According to DCNS Scorpene is the most lethal conventional submarine in history. It was designed for the Indian Navy and several units were purchased by Malaysia and Chile. (Here in India, May 1, 2016.) (INDIAN NAVY / AFP / HO)
The technical and confidential data that the DCNS qualifies as the most lethal submarines conventional history could they fall into the wrong hands? According to The Australian, the French shipbuilder was the victim of a massive data leak. The 22,400 pages disclosed, the Australian newspaper claims to have consulted detail the combat capabilities of the Scorpene, designed for the Indian Navy and several units which were purchased by Malaysia and Chile.
The documents describe the probes of the vessels, their communication and navigation systems, and 500 pages are devoted exclusively to torpedo system, the newspaper said.
The AUSTRALIA relativized
the leak might also worry Brazil, which must deploy these submarines from 2018, and Australia, which has awarded a contract in April 50 billion Australian dollars ($ 38 billion US) to DCNS group to design and manufacture its next generation of submarines.
Australian Prime Minister Malcolm Turnbull acknowledged that the leak was “worrying” while relativizing the potential impact for Australia. “The submarine we build or we will build with the French called the Barracuda, and is totally different from the Scorpene designed for the Indian navy,” has he told Australian Channel Seven chain.
“We have safety devices to our information of the highest defense, either through exchanges with other countries or in Australia,” he added.
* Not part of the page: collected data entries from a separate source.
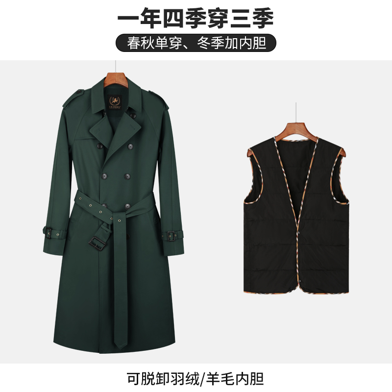 天猫蓝色超长款风衣男双排扣插肩袖英伦潮流男士加厚保暖羽绒内胆外套
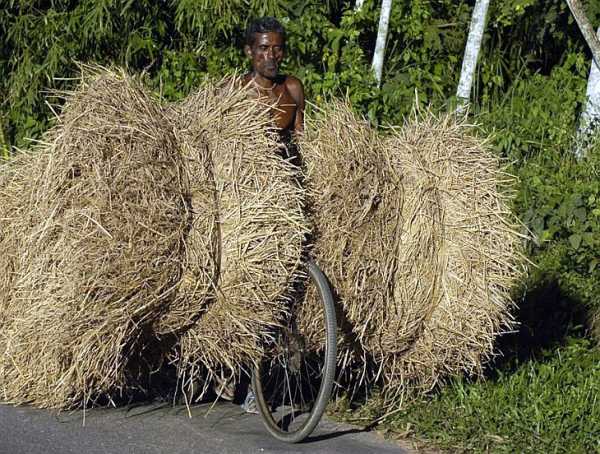 Індійський штат Тріпур. Фермер перевозить солому своїм велосипедом. За один раз більше забрати не вдалось. (Фото Jayanta Dey | Reuters):
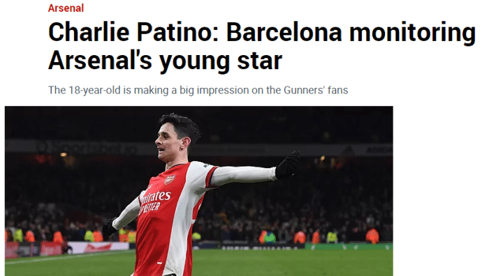 JRS直播网12月26日讯 据《马卡报》报道,巴萨正在关注阿森纳小将查理-帕蒂诺。
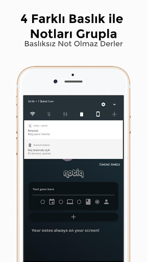 مع Notiq، يمكنك إجراء الوظائف في حياتك اليومية أمام عينيك عن طريق إضافة ملاحظاتك القصيرة إلى شريط الإعلام.(حتى على شاشة القفل! ..)
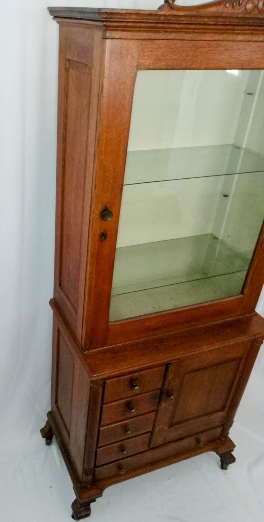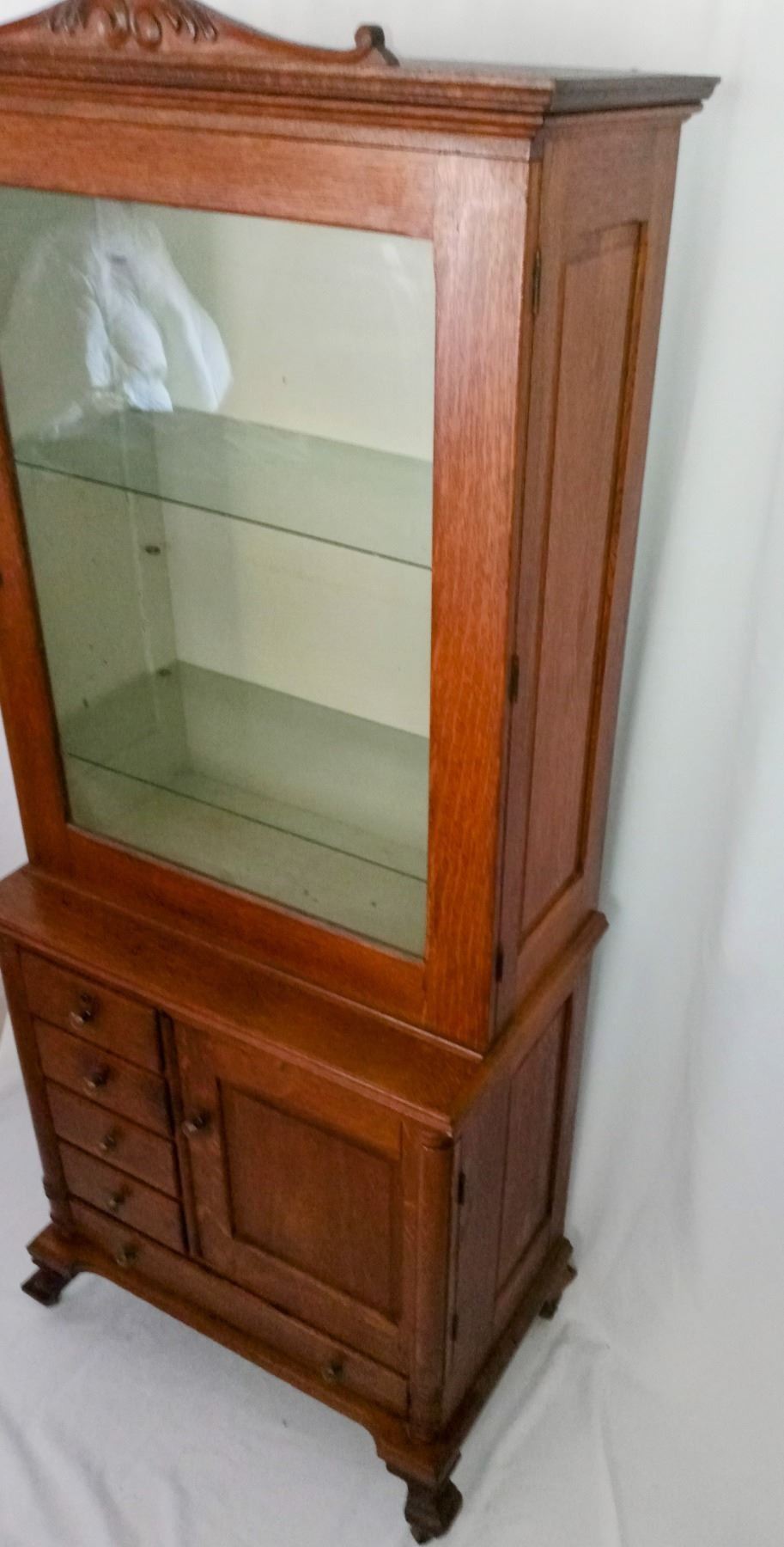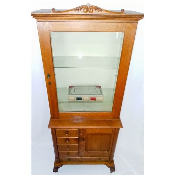 This W.D. Allison Co. vintage dental cabinet is made of oak with glass shelves and windows. W.D. Allison Co. was known for making well crafted furniture specifically, designed for physicians and doctors. The company was founded in the 1880's in Indianapolis, Indiana. Included is an old vintage ledger keepsake journal filed with notes, receipts, ect.

The leak has “no connection with the next submarine program of the Australian government,” he said in a statement the Australian Industry Minister of Defence, Christopher Pyne. This program, said the minister, “is set in a very strict framework that governs how all information and technical data are managed and will be managed in the future.”
SURVEY IN FRANCE
the DCNS group, owned 62% by the French state, told AFP that “the national safety authorities” French “investigating”, without giving further details. “The investigation will determine the exact nature of the documents that were the subject of these leaks, the potential damage to our customers as well as the responsibilities,” the group added.
According to The Australian, DCNS would suggested that the leak could come from India rather than France. The data, however, could have been washed out of France in 2011 by a former French naval officer who at the time was a subcontractor of DCNS. The documents could have passed through the southeast Asian companies before being sent to a company in Australia, the paper said.